Seems men no longer corner the market on the mid-life crisis. Blame it on the fact that 50 is the new, what 25? Women are being told, left, right and centre that aging is no longer about sitting around in holiday sweaters knitting booties for your grandkids. We are encouraged to be fabulous, feisty, and ready for some fun.
The fact is, after age 50 more and more women are realizing that freed of the responsibilities of juggling young children, a career and a household, they suddenly take a look around and go, "wait a sec', what I am doing here?"
Then they look at their partner and say, "um, and who the heck are you."
Combine all this with an increased self-confidence, a bag full of life experience and a whole new set of hormones fluctuations and you've got yourself a full-blown mid-life crisis.
And, of course, what's a good mid-life crisis without bagging someone half your age.
Of course, Madonna, trendsetter that she's always been is right in on the action, having ditched Guy for a younger model (a hot Brazilian one at that, named Jesus, no less!)
As Valerie Gibson, 60-something author of Cougar: A Guide for Older Women Dating Younger Men once put it to me: "Guys my age are old farts. They're fat and balding with baggage. They're not open sexually. They're sticks in the mud."

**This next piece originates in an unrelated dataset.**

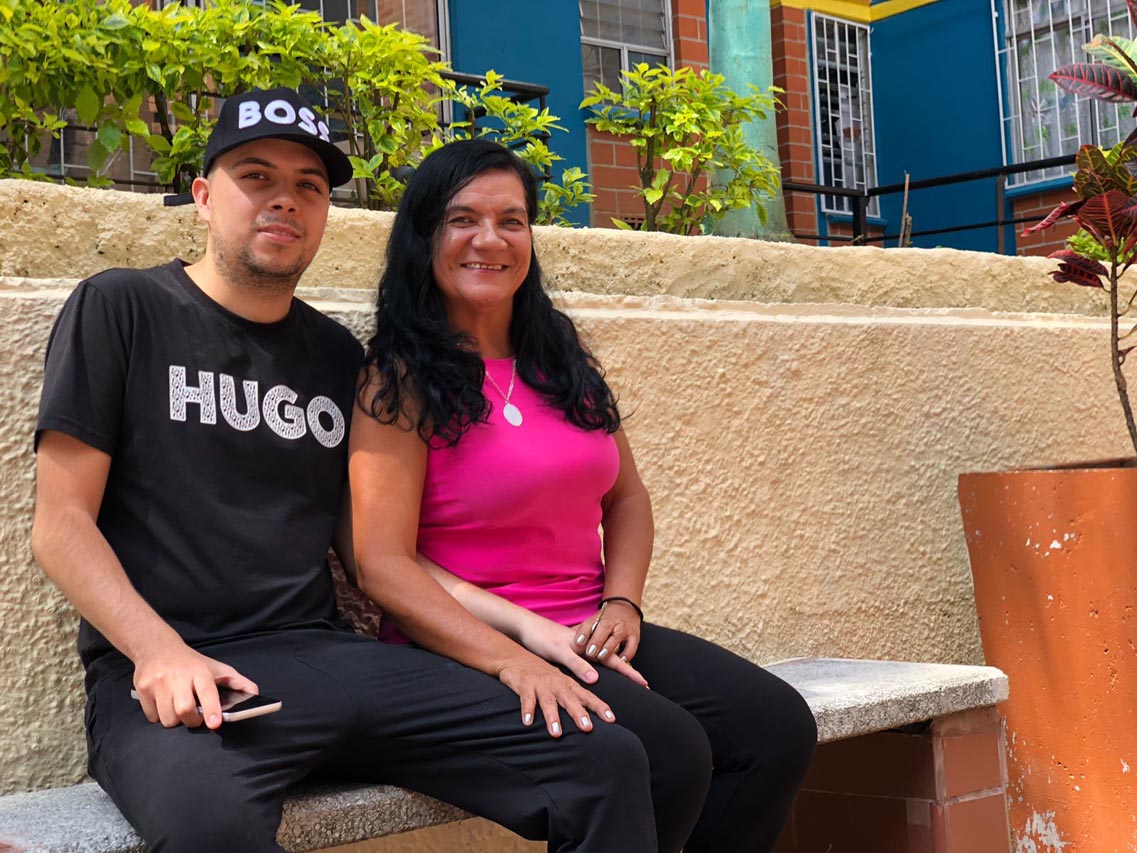 Juan Pablo Ossa y su madre, Adriana Bonilla, en su conjunto residencial en el barrio La Ladera.

C'mon, tell us what you really think.
Screw aging gracefully. At 61, Gibson would rather just screw. And preferably with some young hottie, complete with a great bod and boundless sexual energy--someone who can keep up with her.
As for the cougar label being less than flattering, Gibson just shrugs: "I love the image of a cougar. They're sleek, powerful, and strong.
And it beats the names we give older men who date younger women: Perverts, dirty old men, gross.
Come to think of it, while I'm the first one to get out my pom-poms and cheer the image of the sexy older woman, all these female-mid-life crisis shenanigans sound suspiciously like the stuff we give older guys a hard time about.
Then again, this hasn't stopped them from enjoying it. In fact, we've long accepted the older man/younger woman scenario. Maybe it's about time we get used to the opposite as well.
If you can't beat 'em, join 'em, as they say. Or toss them out on their ass and find yourself a younger model.